* _Problem to work on_: Down to the last word, output the records below, skipping any images.

- - -

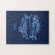 Puzzle avec le symbole zodiaque pour Pisces en bleu argenté doux, recouvert d'étoiles de la constellation, contre un arrière - plan ciel étoilé classé de bleu nuit profond à noir.
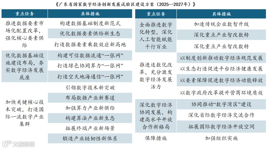 近日,广东省人民政府正式印发《广东省国家数字经济创新发展试验区建设方案(2025—2027年)》,目标到2027年,全省数字经济发展水平稳居全国首位,数字经济核心产业增加值占GDP比重超过16%,打造3个具有国际竞争力的万亿级数字产业集群,培育若干高价值数字产业新赛道。《方案》围绕推进数据要素市场化配置、数据基础设施建设、加快关键核心技术突破、推进数字化转型、推进适数化改革、深化数字经济协同发展等六方面,提出22条具体举措。其中,聚焦释放数据要素价值,明确将加快出台《广东省数据条例》,健全数据产权制度,并建立公共数据、企业数据、个人数据的分类分级确权授权机制;聚焦突破关键核心技术,将持续实施“广东强芯”工程、核心软件攻关工程,加强鹏城实验室等重大创新平台建设。
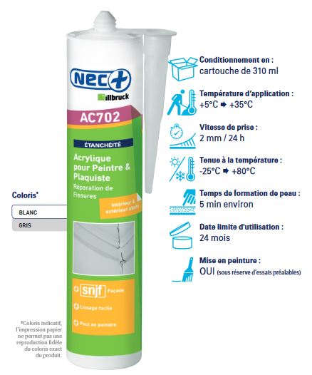 AC702 est un mastic acrylique pour les applications en intérieur et en extérieur abrité, pour les joints à faible mouvement.
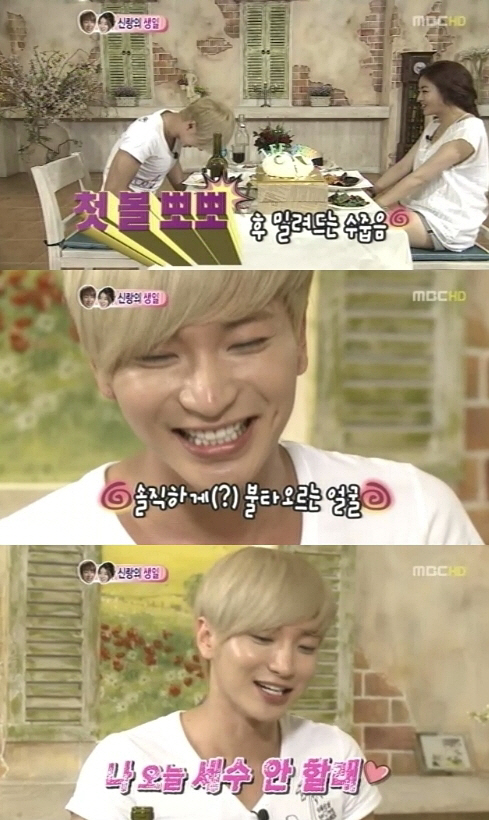 강소라 뽀뽀 선물을 받은 이특은 "갑자기 더워진다. 나 오늘 세수 안 해야겠다. 혹시 거울 가지고 있냐. 뽀뽀받은 쪽 뺨을 직접 보고 싶다"고 말해 웃음을 자아냈다.
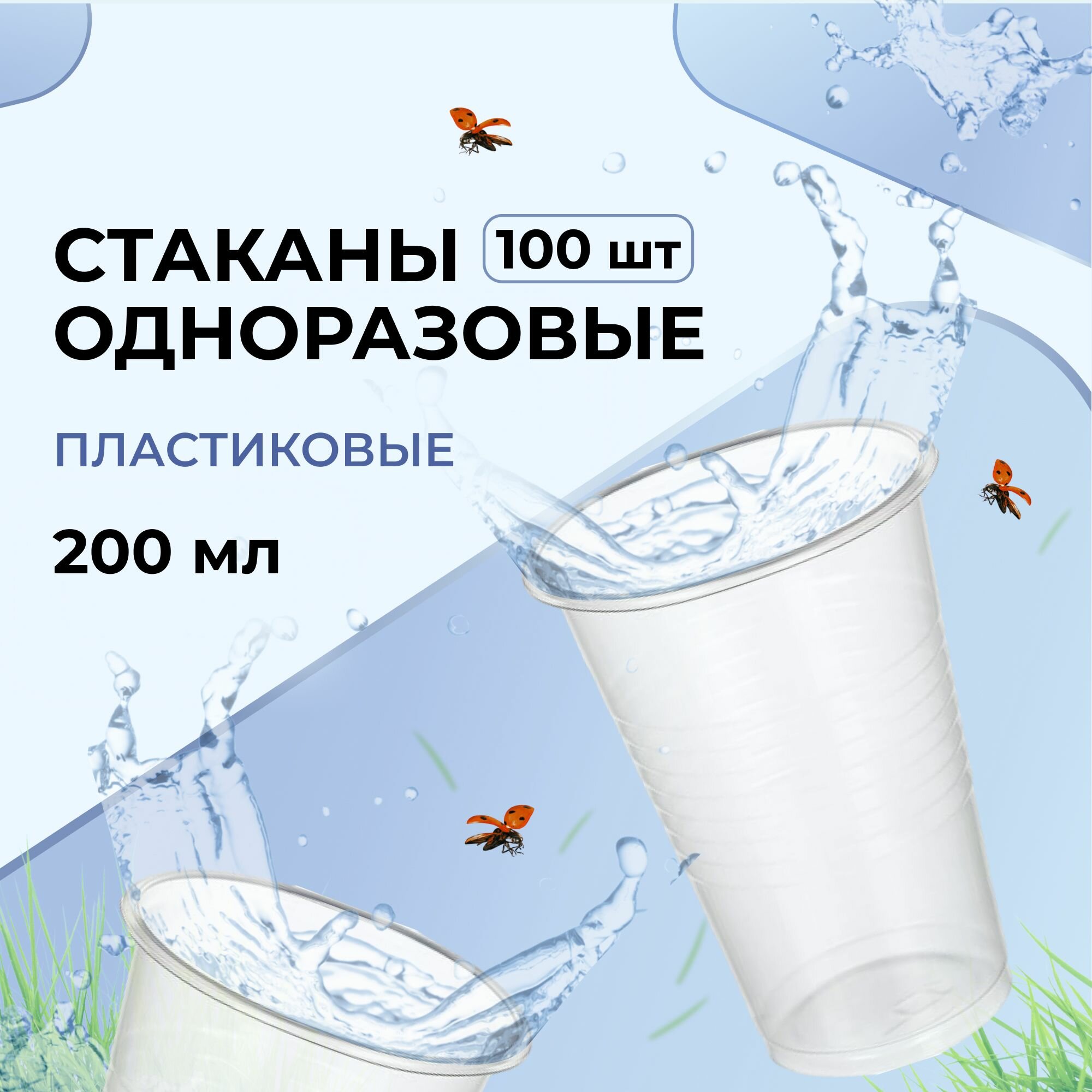Стакан одноразовый Бюджет пластиковый прозрачный 200 миллилитров 100 штук в упаковке, 661982 503 ₽

- - -

* _Your response_:
 Puzzle avec le symbole zodiaque pour Pisces en bleu argenté doux, recouvert d'étoiles de la constellation, contre un arrière - plan ciel étoilé classé de bleu nuit profond à noir.
 近日,广东省人民政府正式印发《广东省国家数字经济创新发展试验区建设方案(2025—2027年)》,目标到2027年,全省数字经济发展水平稳居全国首位,数字经济核心产业增加值占GDP比重超过16%,打造3个具有国际竞争力的万亿级数字产业集群,培育若干高价值数字产业新赛道。《方案》围绕推进数据要素市场化配置、数据基础设施建设、加快关键核心技术突破、推进数字化转型、推进适数化改革、深化数字经济协同发展等六方面,提出22条具体举措。其中,聚焦释放数据要素价值,明确将加快出台《广东省数据条例》,健全数据产权制度,并建立公共数据、企业数据、个人数据的分类分级确权授权机制;聚焦突破关键核心技术,将持续实施“广东强芯”工程、核心软件攻关工程,加强鹏城实验室等重大创新平台建设。
 AC702 est un mastic acrylique pour les applications en intérieur et en extérieur abrité, pour les joints à faible mouvement.
 강소라 뽀뽀 선물을 받은 이특은 "갑자기 더워진다. 나 오늘 세수 안 해야겠다. 혹시 거울 가지고 있냐. 뽀뽀받은 쪽 뺨을 직접 보고 싶다"고 말해 웃음을 자아냈다.
Стакан одноразовый Бюджет пластиковый прозрачный 200 миллилитров 100 штук в упаковке, 661982 503 ₽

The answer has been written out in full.